5.4.3. Analyser le travail des professionnels RH, un défi méthodologique

Avant d’évoquer plus en détail les défis que notre objet de recherche demande de relever, rappelons que dans cette thèse nous considérons les professionnels des ressources humaines comme des cadres et des encadrants (voir section 2.7, p. 64 et chapitre 4).
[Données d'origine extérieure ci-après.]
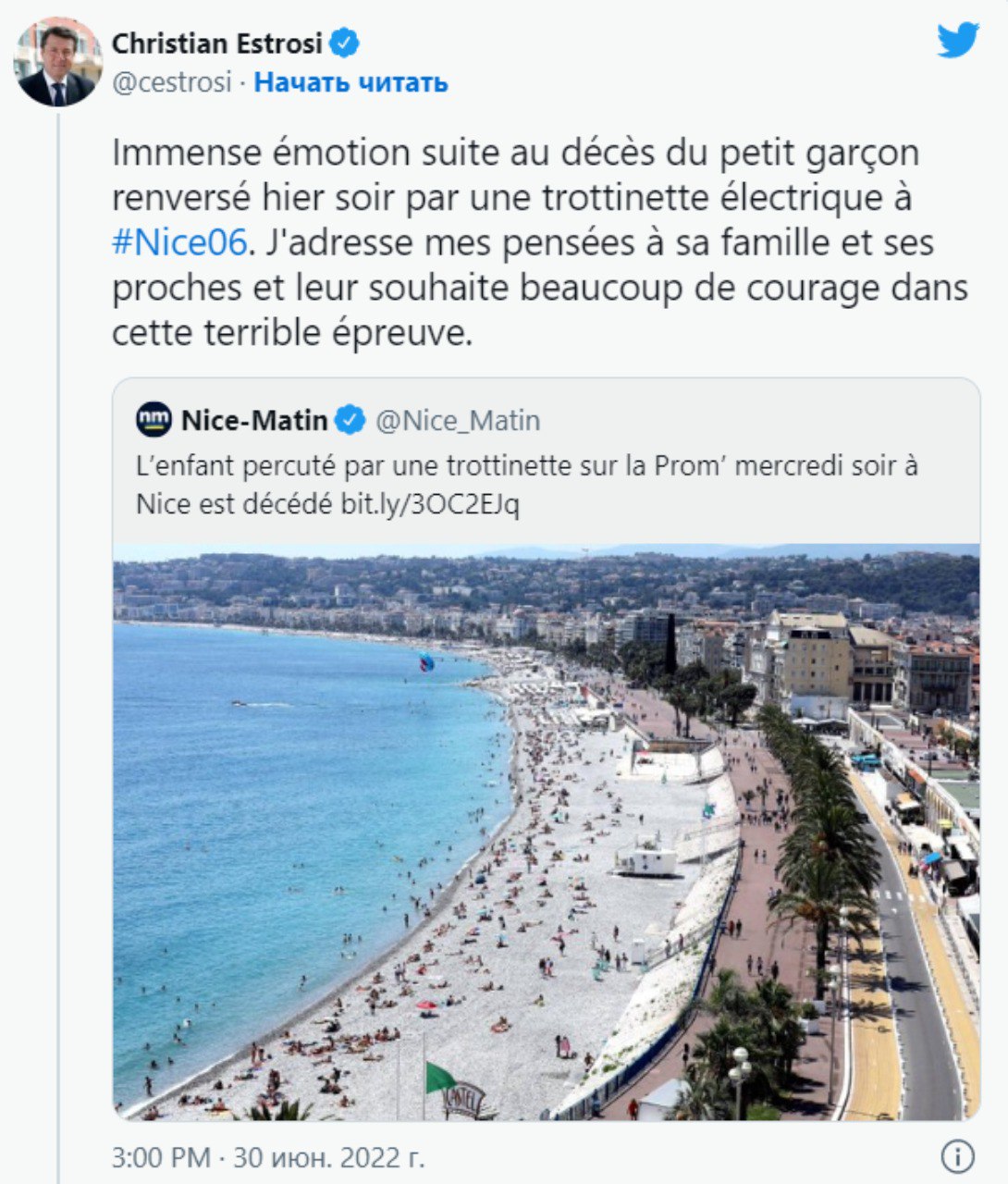 00.02 Пятилетний украинский ребенок-беженец был сбит насмерть во французской Ницце электрическим скутером.
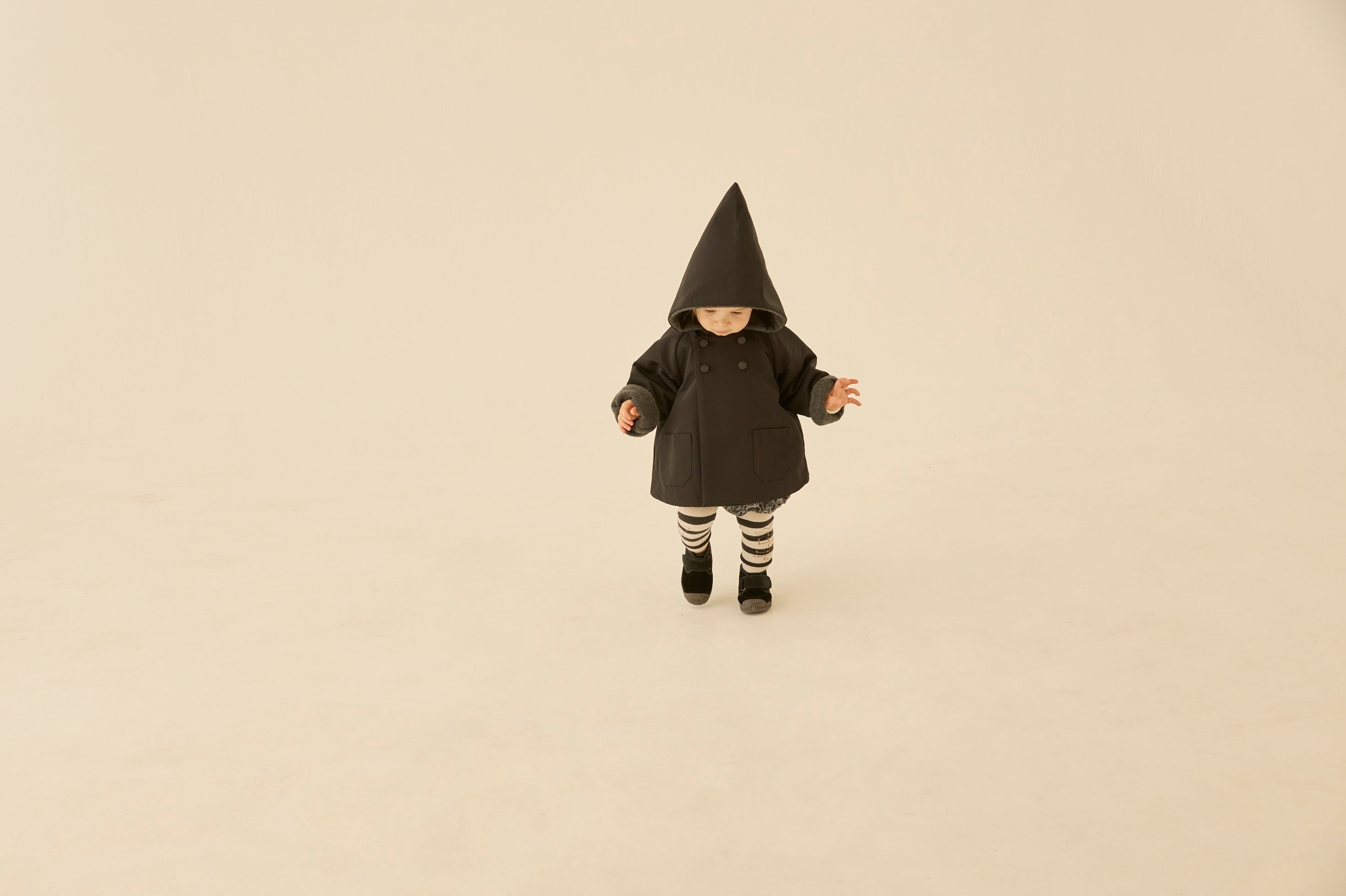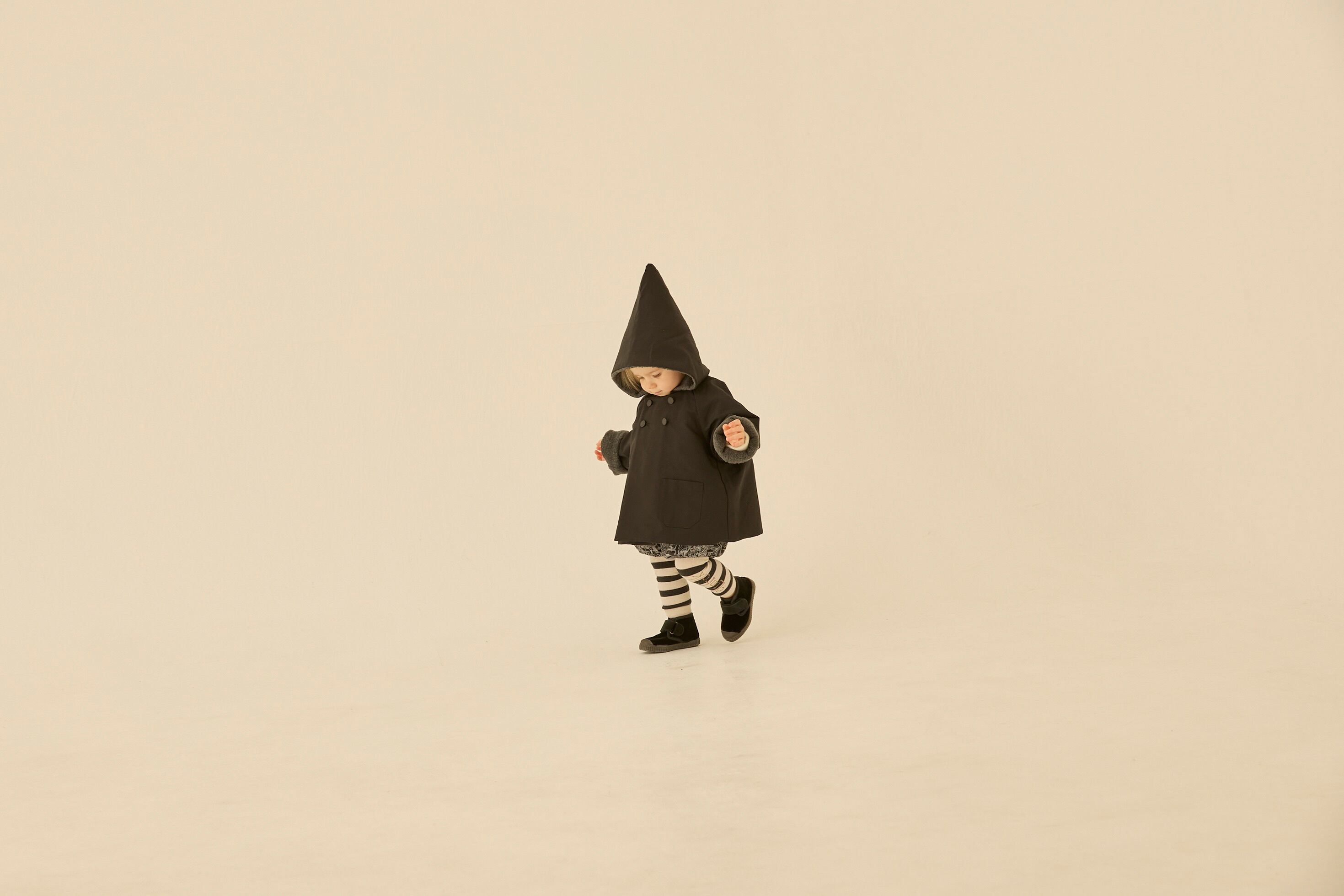定番のとんがりフードとAラインシルエット、ラグランスリーブ、オリジナルのeLf釦が妖精王国の証のこびとのコート “eLf coat”。

À ce titre, les réflexions méthodologiques mobilisées pour aborder l’analyse du travail des cadres et des encadrants nous sont ici utiles.
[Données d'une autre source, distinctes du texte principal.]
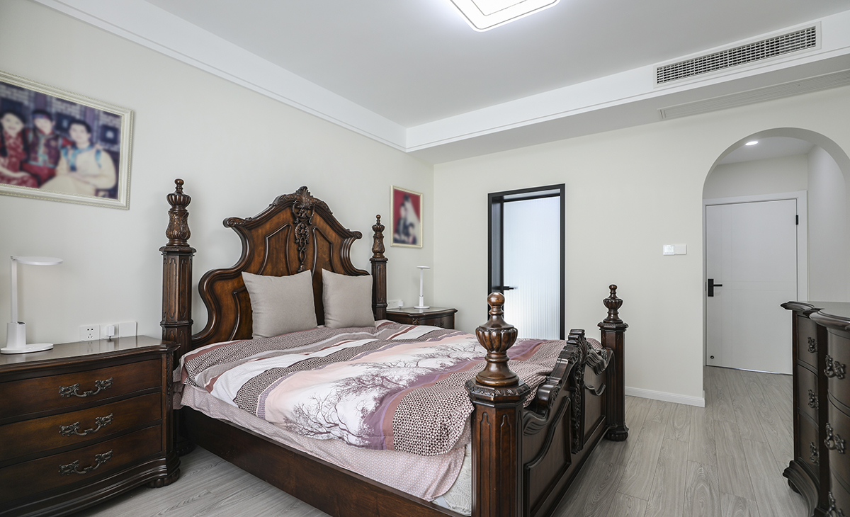主臥過道埡口做半弧形、拱門的造型裝飾,用掛圓處理去柔和線條,拋去那些多余且繁復(fù)的裝飾,展現(xiàn)了生活的精致感,讓休息空間溫馨優(yōu)雅。
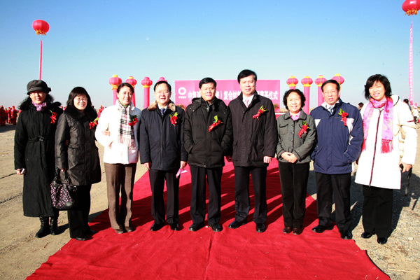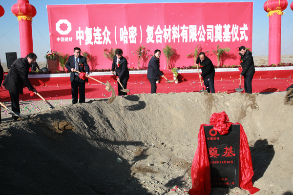 在欢庆的锣鼓、军乐、礼花、鞭炮声中,参加仪式的嘉宾们为中复连众(哈密)复合材料有限公司叶片项目开工培土奠基。
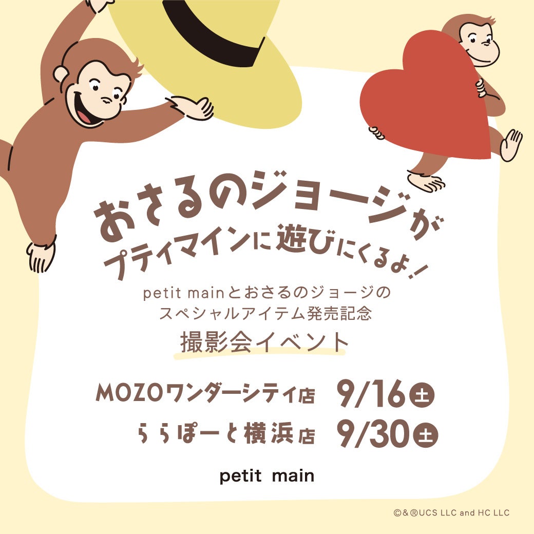 プティマインのお店に「おさるのジョージ」がやってくる!スペシャルアイテムの発売を記念してプティマイン限定店舗にて撮影会イベントを開催。2023年9月16日(土)・9月30日(土)の参加者を募集します。

Guilbert et Lancry (2007), soulignent la difficulté d’accéder au réel du travail des cadres. Un premier défi provient du fait que si la population des cadres est habituée à remplir des questionnaires, « elle est plutôt réticente à permettre une observation de ses activités et à fournir des données concernant sa vie privée ». Par conséquent, il est « nécessaire de concevoir une méthodologie non intrusive, offrant un accès à l’ensemble des activités des cadres » (ibid., p. 323). Chez les professionnels RH, à cette discrétion inhérente aux cadres, s’ajoute un devoir de confidentialité, lorsqu’ils traitent des problématiques individuelles ou sociales sensibles.

Un deuxième défi provient du caractère instable de l’objet du travail des cadres. « Le contenu de leur travail n’est pas donné a priori, il s’élabore et évolue avec la situation » (ibid., p. 321). Pour Langa (1997, p. 27), « les cadres ne sont pas confrontés à des problèmes bien structurés, pour lesquels les données nécessaires seraient toutes disponibles et suffisantes ». Cette remarque nous paraît particulièrement importante dans l’analyse du travail des professionnels RH. En effet, la multiplication des missions (voir section 2.4.3, p. 55) peut se traduire par un éclatement des activités rendant difficile l’observation de l’ensemble des situations caractéristiques possibles ou de situations de travail choisies. Toutefois, certaines situations de travail se présentent comme des lieux stabilisés d’observation. Nous pensons en particulier aux réunions (GTPP, CHSCT, comité de direction, etc.), dont les objets sont généralement cadrés, même s’ils peuvent évoluer en cours d’activité.

Dieumegard, Saury et Durand (2004, p. 175) identifient un troisième défi dans la mise en œuvre de l’analyse du travail des cadres : « l’activité des cadres s’inscrit

171 dans une historicité qui s’étend au-delà d’un épisode, et souvent bien au-delà de la journée dans laquelle il se tient ». Dans leur travail, s’entremêlent des activités aux temporalités multiples. Le travail des cadres et encadrants est caractérisé par des activités brèves (Mintzberg, 2004 [1989]) s’inscrivant dans « une temporalité longue, s’étendant sur plusieurs semaines, plusieurs mois » (Dieumegard, Saury et Durand, op. cit.).

Les remarques de Dugué (2005, pp. 83‑84) à propos de l’observation des activités de négociation1 suggèrent un quatrième défi dans l’analyse du travail des encadrants en général et des professionnels RH en particulier :

Ce qui n’est pas socialement valorisable et valorisant sera plus difficilement accessible pour l’observateur. Les verbalisations a posteriori, les entretiens avec les différents acteurs, ne suffisent pas forcément pour saisir toutes les nuances d’un processus négociatoire ni pour mesurer toutes les difficultés rencontrées.

Face à ces défis, notre travail de recherche en immersion (voir section 5.4.1) présente deux avantages majeurs. D’une part, il est caractérisé par un accès prolongé au terrain, qui permet d’avoir un riche aperçu de la diversité des activités des professionnels RH et facilite la reconstitution de leur historicité. D’autre part, cette immersion peut permettre d’établir la relation de confiance nécessaire à l’obtention de données confidentielles, et d’accéder à des situations peu « valorisables et valorisantes ».

Finalement, notre travail de recherche répond donc partiellement à l’invitation de De Montmollin, qui appelait à une « ethnologie ergonomique des cadres » (1984, p. 92).